EXERCISE.
The listing below holds pictures; exclude them. Return exactly the lines from the one with "Portuguese Water Dog" through the one with "The brooch is in".

EXTRACTED RECORDS.
====================

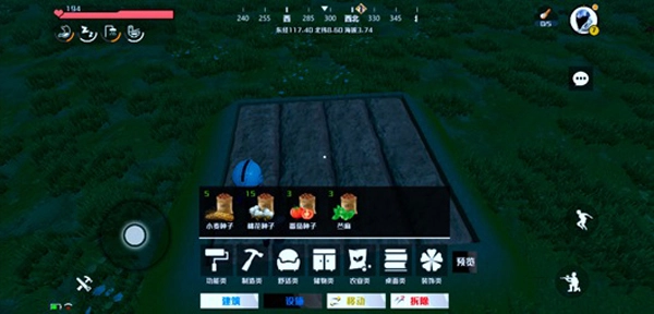 2、接下来打开左下角的建造功能,选择地基,在要种地的区域放置地基。
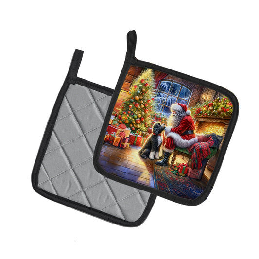 Portuguese Water Dog and Santa Claus Pair of Pot Holders
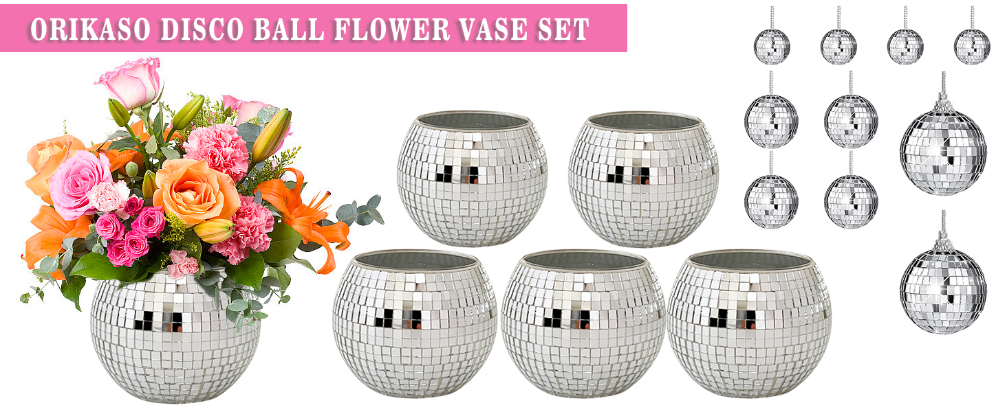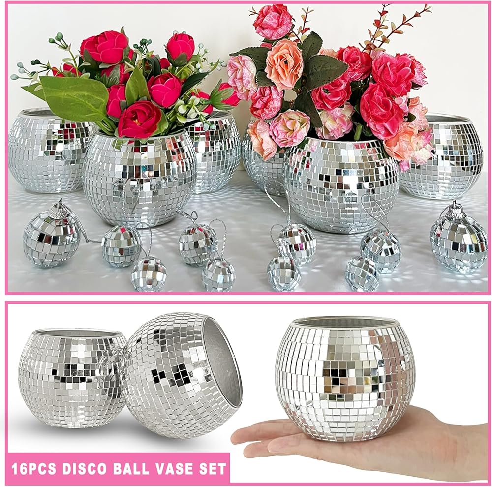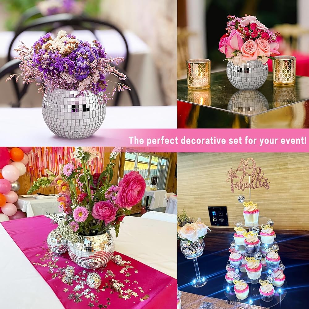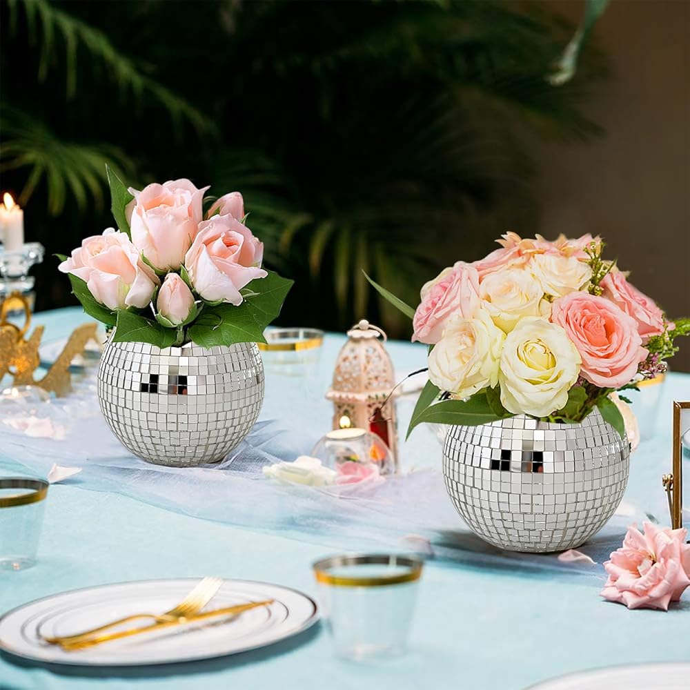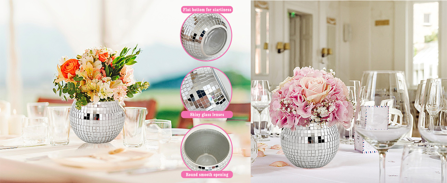 6 قطع 3x4 بوصة ديسكو الكرة زهرة المزهريات الزجاجية، 10 قطع كرات ديسكو مرآة، ديسكو الكرة الجدول ديكور حامل شمعة مزهرية زجاجية لقطع الزفاف الرئيسية حفلة عيد ميلاد الديكور
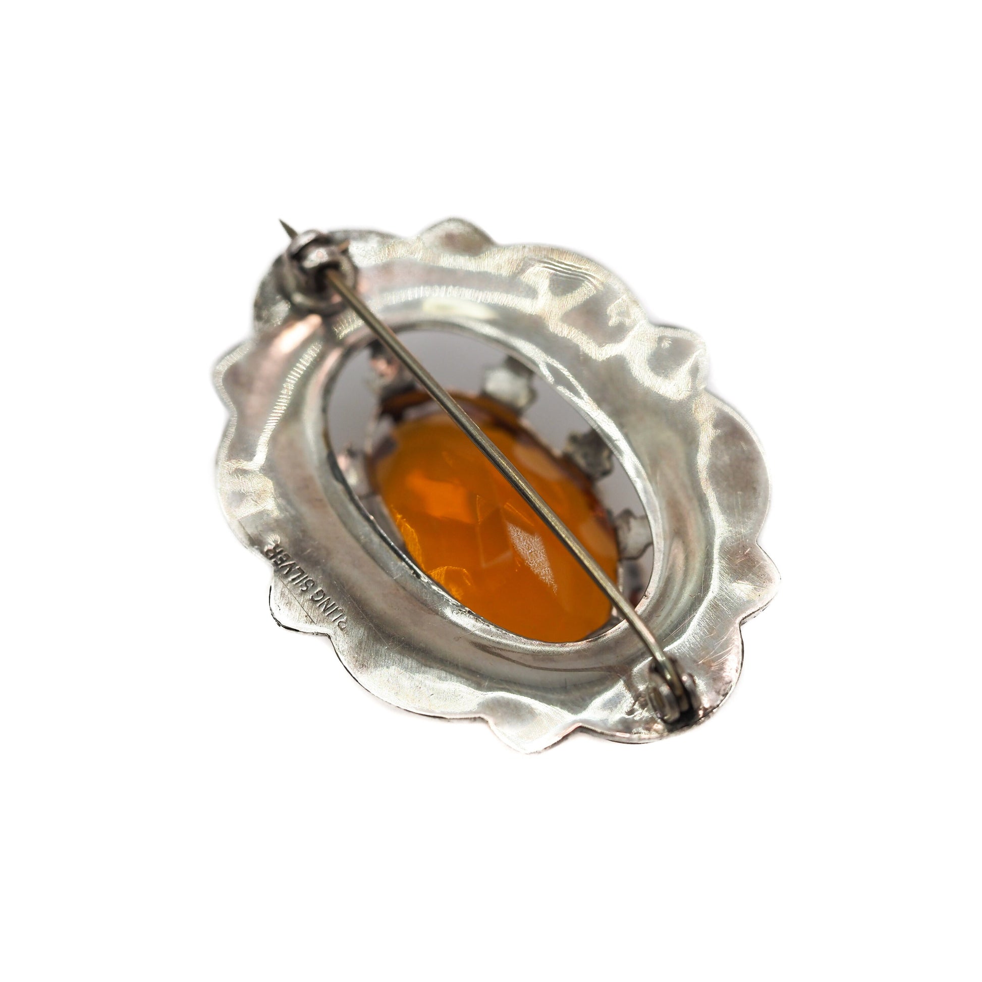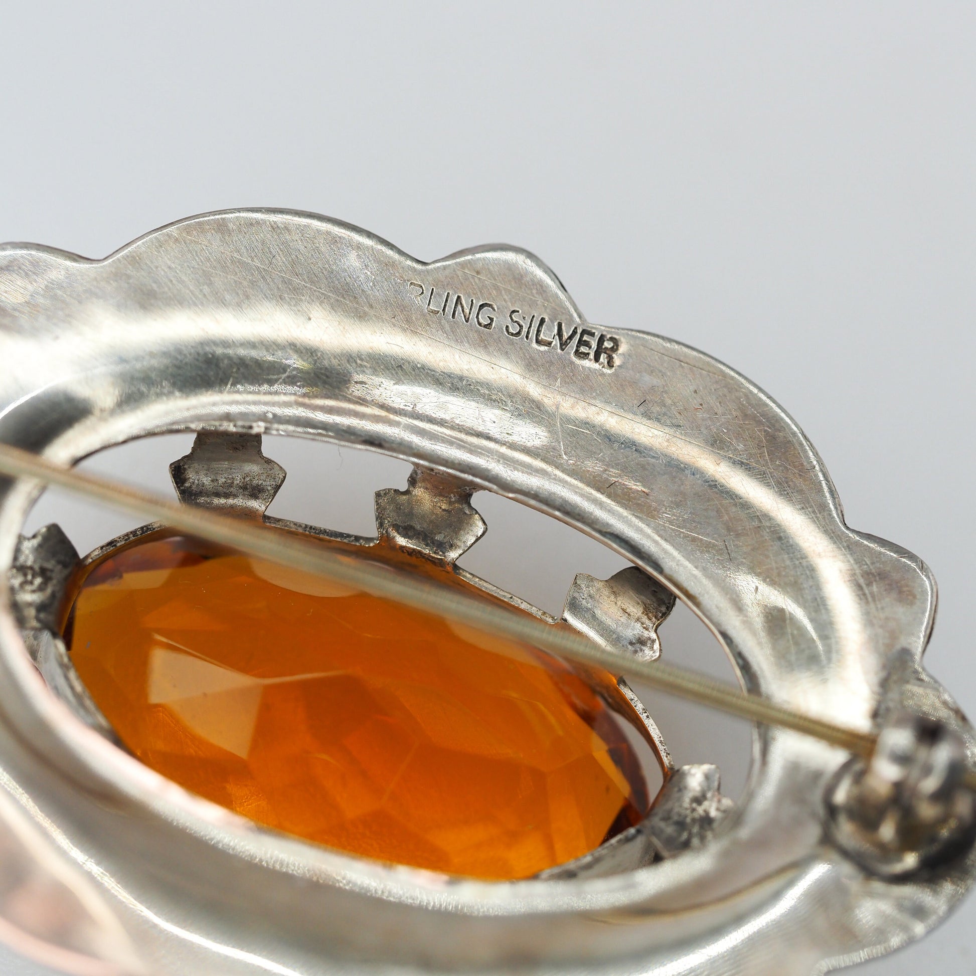 The brooch is in very good vintage condition with typical signs of wear. The citrine-colored glass has a few nicks on the facet junctions under magnification but is in excellent condition overall. The back of the brooch is stamped STERLING SILVER and has a moderate layer of patina that can be polished upon request.
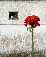 Fotowerk van verweerde oude muren met een luik. In de vensterbank staat een metalen gieter klaar om de reusachtige rode bloem van de Celosia plant op de voorgrond wat liefdevolle aandacht te schenken.
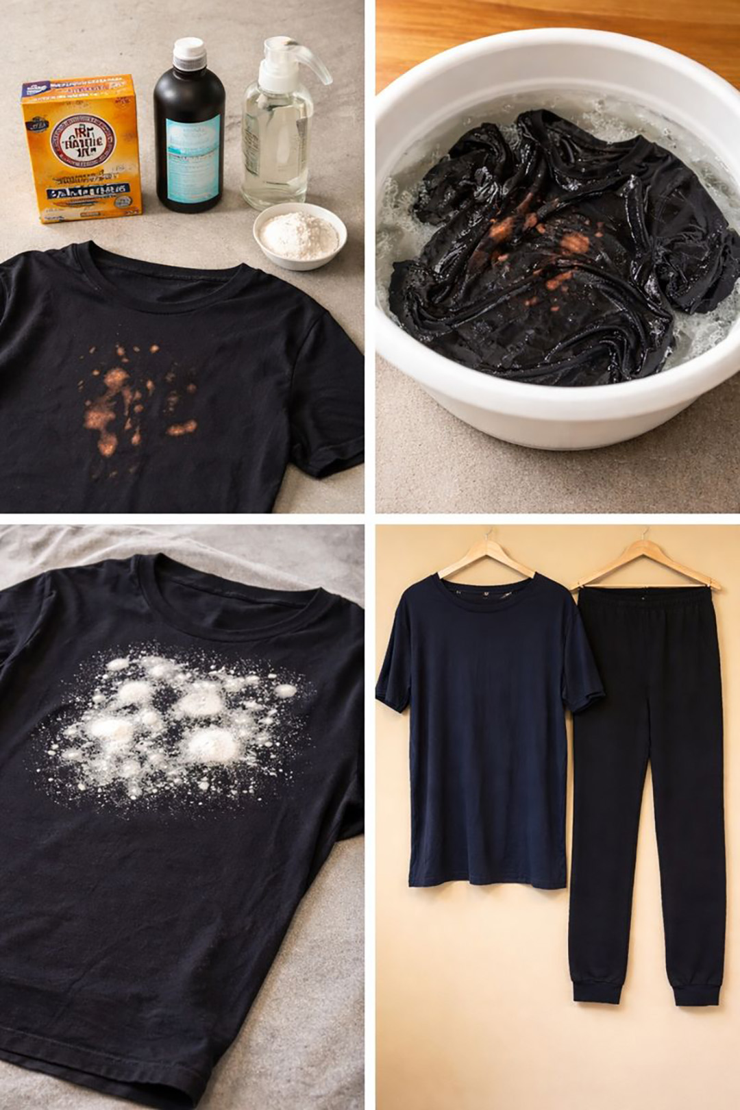 När kläder fläckas av blekmedel är det primära målet att stoppa dess verkan. Vissa ämnen, som används med försiktighet, kan neutralisera dess effekter och förhindra att fläcken sprider sig.
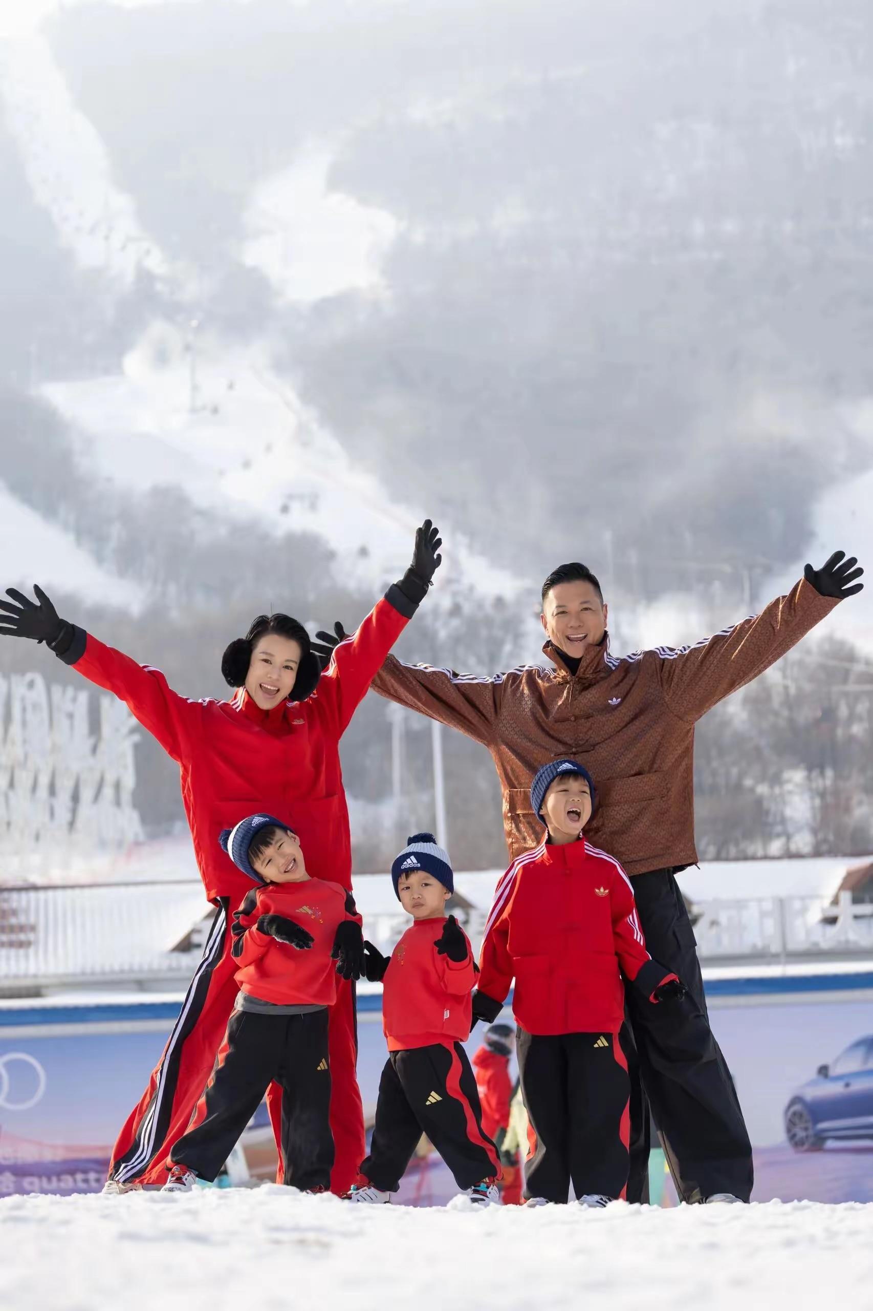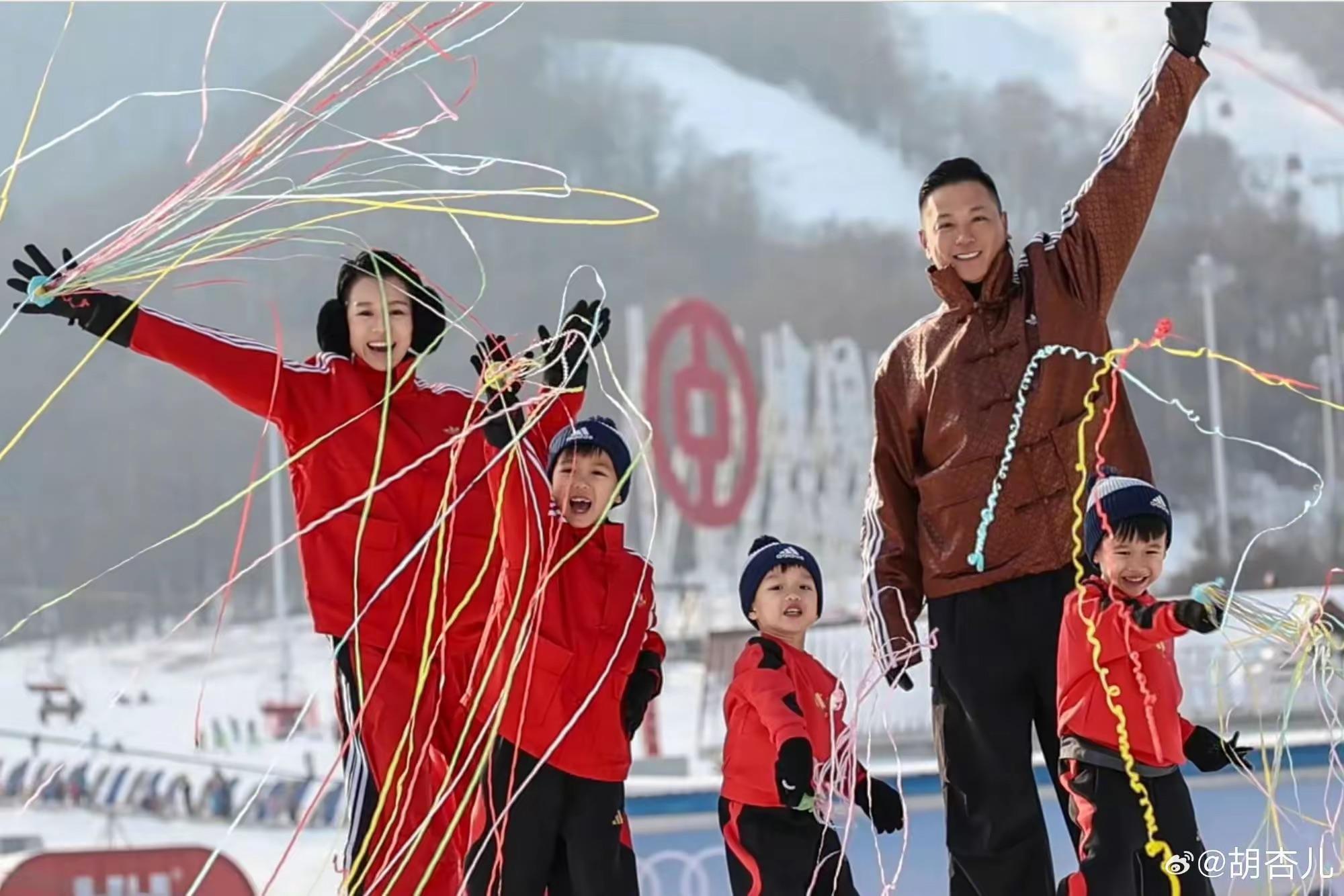 胡杏兒一家去滑雪啦,夫妻倆穿情侶棉襖秀恩愛,兒子們穿同款衛衣

====================

WRITTEN ANSWER.
 Portuguese Water Dog and Santa Claus Pair of Pot Holders
 6 قطع 3x4 بوصة ديسكو الكرة زهرة المزهريات الزجاجية، 10 قطع كرات ديسكو مرآة، ديسكو الكرة الجدول ديكور حامل شمعة مزهرية زجاجية لقطع الزفاف الرئيسية حفلة عيد ميلاد الديكور
 The brooch is in very good vintage condition with typical signs of wear. The citrine-colored glass has a few nicks on the facet junctions under magnification but is in excellent condition overall. The back of the brooch is stamped STERLING SILVER and has a moderate layer of patina that can be polished upon request.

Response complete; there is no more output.